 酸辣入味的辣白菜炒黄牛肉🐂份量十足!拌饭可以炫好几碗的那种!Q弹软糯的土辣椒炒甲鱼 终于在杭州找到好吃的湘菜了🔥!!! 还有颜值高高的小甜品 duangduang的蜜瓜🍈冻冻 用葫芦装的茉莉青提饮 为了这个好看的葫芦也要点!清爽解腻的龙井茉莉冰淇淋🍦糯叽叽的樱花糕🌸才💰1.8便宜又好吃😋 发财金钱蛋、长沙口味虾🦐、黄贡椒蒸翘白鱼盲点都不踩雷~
= = = = = = =
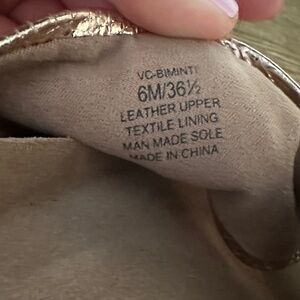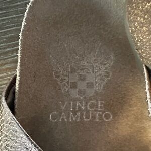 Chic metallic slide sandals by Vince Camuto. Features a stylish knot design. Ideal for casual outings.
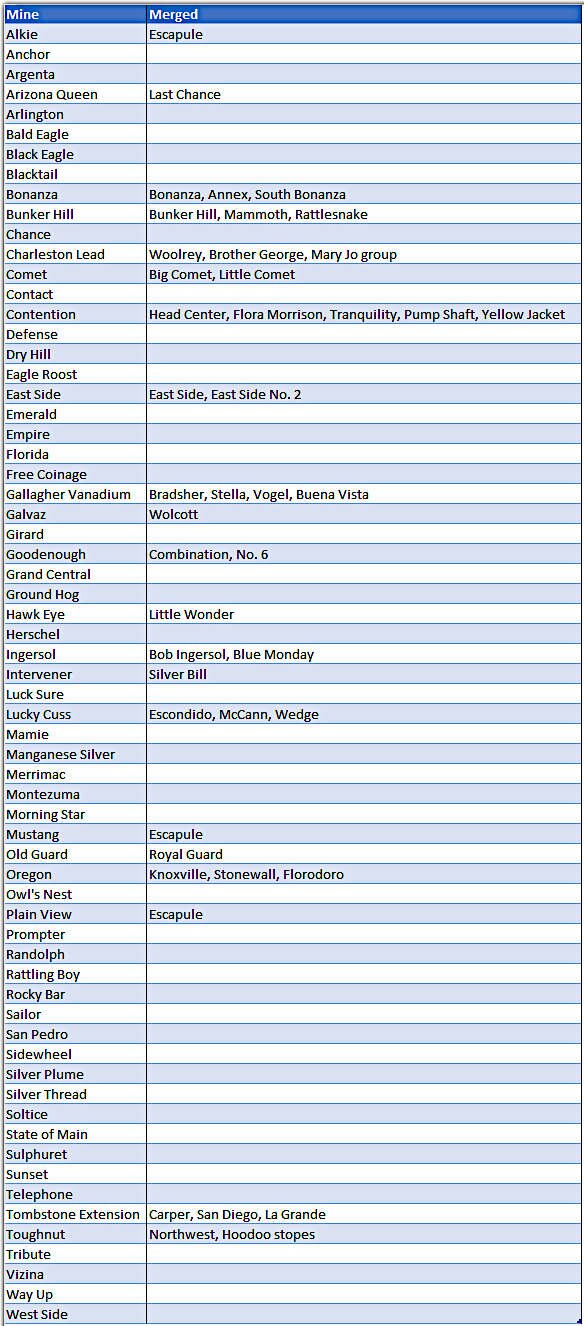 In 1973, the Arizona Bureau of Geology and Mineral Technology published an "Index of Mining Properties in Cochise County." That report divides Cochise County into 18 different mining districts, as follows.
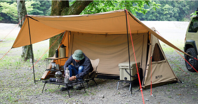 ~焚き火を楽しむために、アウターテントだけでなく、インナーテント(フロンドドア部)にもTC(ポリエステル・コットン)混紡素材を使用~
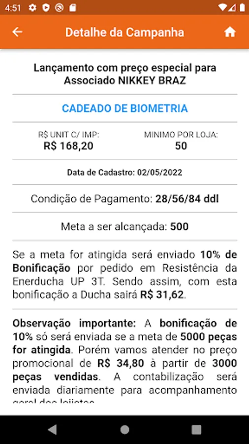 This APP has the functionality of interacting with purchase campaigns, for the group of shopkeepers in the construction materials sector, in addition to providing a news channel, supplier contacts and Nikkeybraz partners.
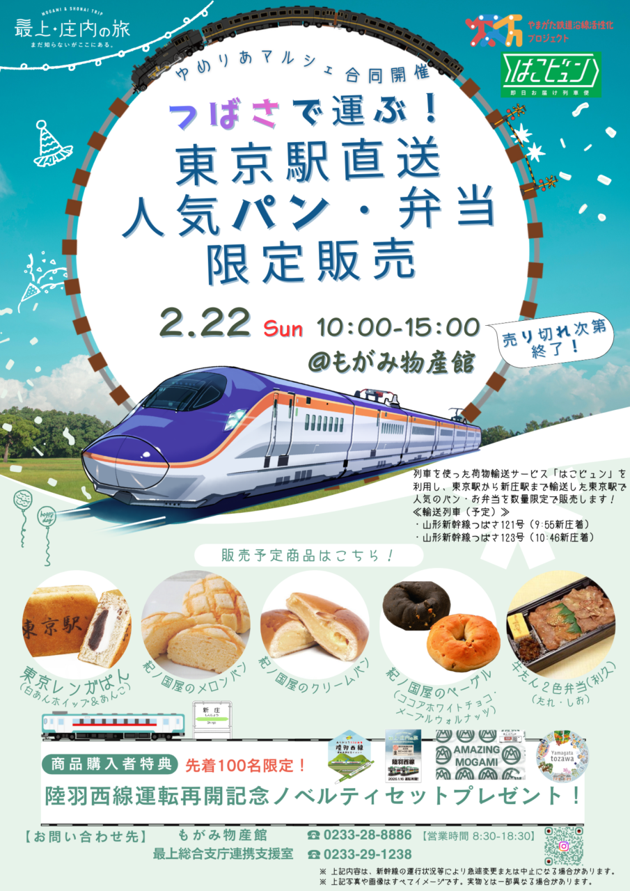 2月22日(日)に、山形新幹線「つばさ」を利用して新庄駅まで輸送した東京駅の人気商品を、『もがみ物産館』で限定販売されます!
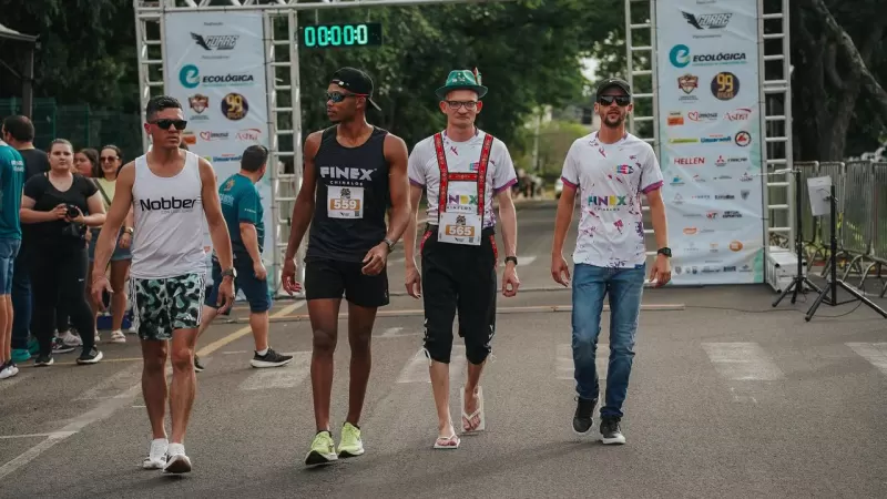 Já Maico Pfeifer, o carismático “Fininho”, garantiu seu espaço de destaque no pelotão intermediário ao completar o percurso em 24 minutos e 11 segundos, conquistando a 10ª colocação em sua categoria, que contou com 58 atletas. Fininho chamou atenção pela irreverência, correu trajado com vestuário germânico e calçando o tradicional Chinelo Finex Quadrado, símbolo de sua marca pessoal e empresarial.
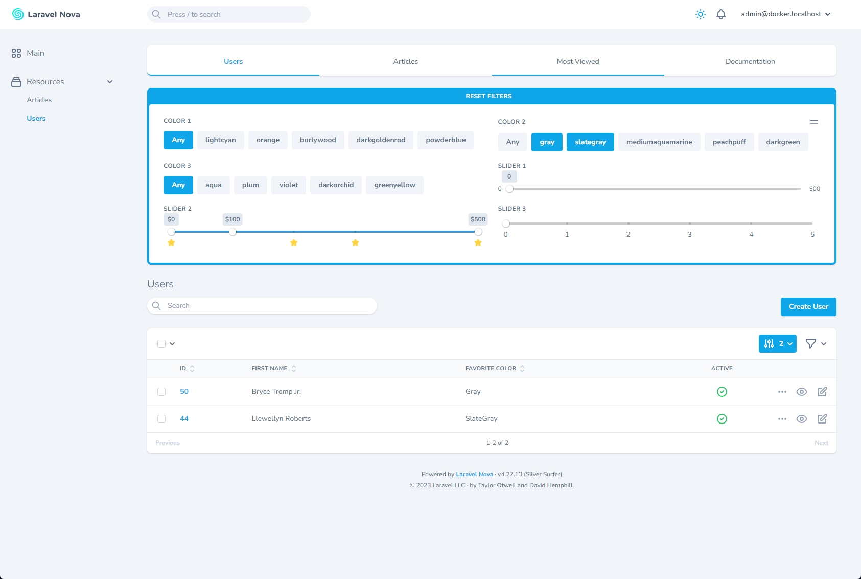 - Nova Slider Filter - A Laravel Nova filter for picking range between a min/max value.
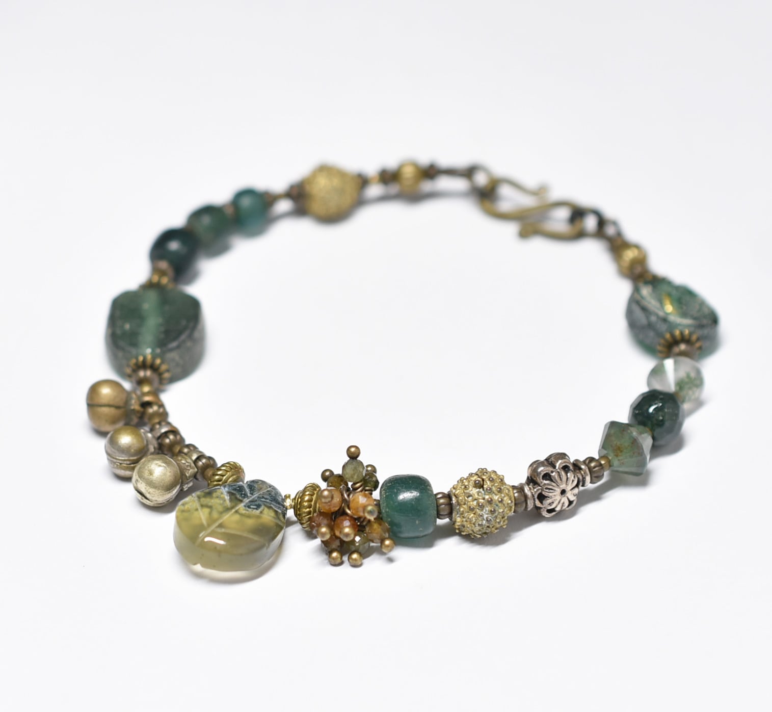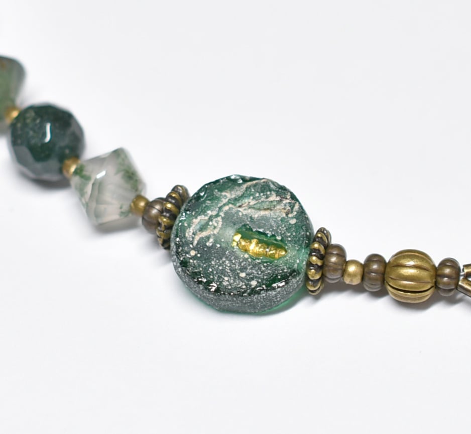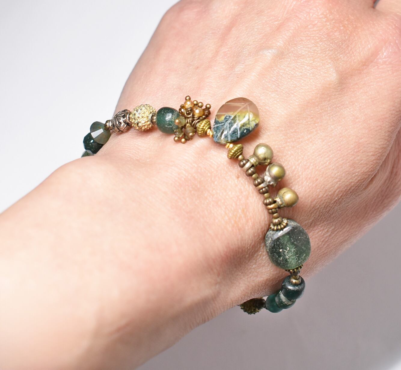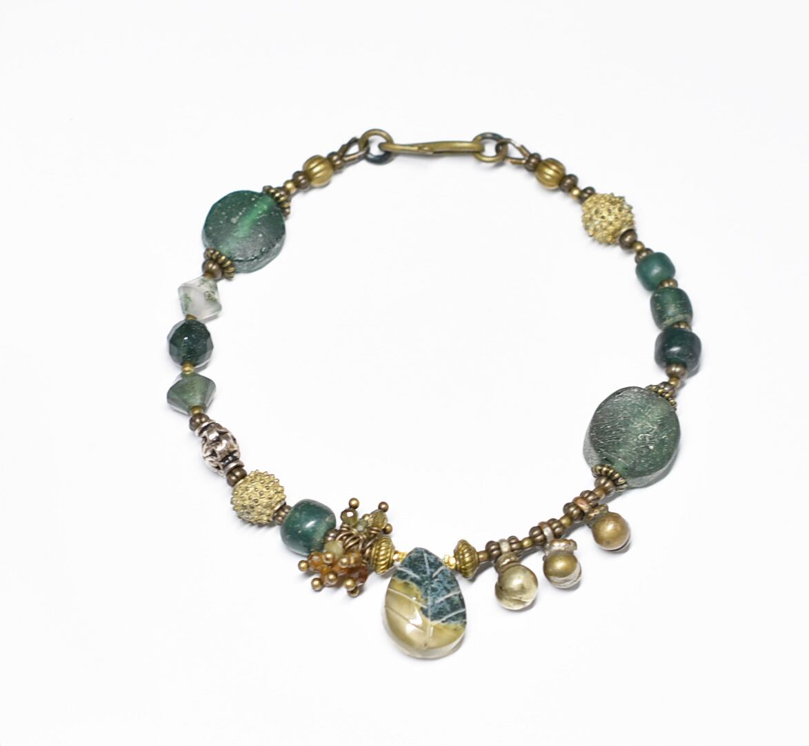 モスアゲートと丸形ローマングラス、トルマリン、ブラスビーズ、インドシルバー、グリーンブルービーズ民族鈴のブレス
= = = = = = =
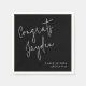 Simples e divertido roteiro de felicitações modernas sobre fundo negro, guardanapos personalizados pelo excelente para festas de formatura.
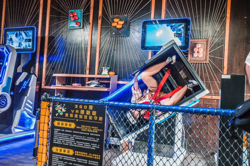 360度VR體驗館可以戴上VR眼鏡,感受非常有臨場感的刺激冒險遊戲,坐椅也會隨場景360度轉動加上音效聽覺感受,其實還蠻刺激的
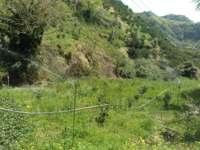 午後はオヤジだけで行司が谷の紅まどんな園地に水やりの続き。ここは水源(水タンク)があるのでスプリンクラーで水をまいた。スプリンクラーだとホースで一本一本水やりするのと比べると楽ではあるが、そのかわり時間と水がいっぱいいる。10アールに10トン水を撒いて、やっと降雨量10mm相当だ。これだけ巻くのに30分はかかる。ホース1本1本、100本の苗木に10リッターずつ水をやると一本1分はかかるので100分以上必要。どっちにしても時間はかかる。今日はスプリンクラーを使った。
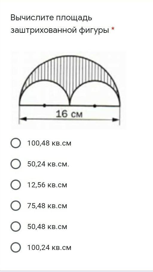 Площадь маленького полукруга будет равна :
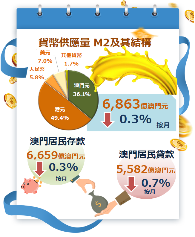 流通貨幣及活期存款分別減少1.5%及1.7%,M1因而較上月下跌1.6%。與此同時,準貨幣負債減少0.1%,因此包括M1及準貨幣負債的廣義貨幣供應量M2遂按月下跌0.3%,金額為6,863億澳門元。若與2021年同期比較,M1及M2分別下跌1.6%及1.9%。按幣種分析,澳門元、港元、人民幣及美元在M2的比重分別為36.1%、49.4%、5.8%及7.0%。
= = = = = = =
_Requirement:_
Above are the records. Copy word for word only their lines from the one holding "Площадь маленького полукруга" through the one holding "流通貨幣及活期存款分別減少1", both included, and skip the images.

_Written solution:_
 Площадь маленького полукруга будет равна :
 流通貨幣及活期存款分別減少1.5%及1.7%,M1因而較上月下跌1.6%。與此同時,準貨幣負債減少0.1%,因此包括M1及準貨幣負債的廣義貨幣供應量M2遂按月下跌0.3%,金額為6,863億澳門元。若與2021年同期比較,M1及M2分別下跌1.6%及1.9%。按幣種分析,澳門元、港元、人民幣及美元在M2的比重分別為36.1%、49.4%、5.8%及7.0%。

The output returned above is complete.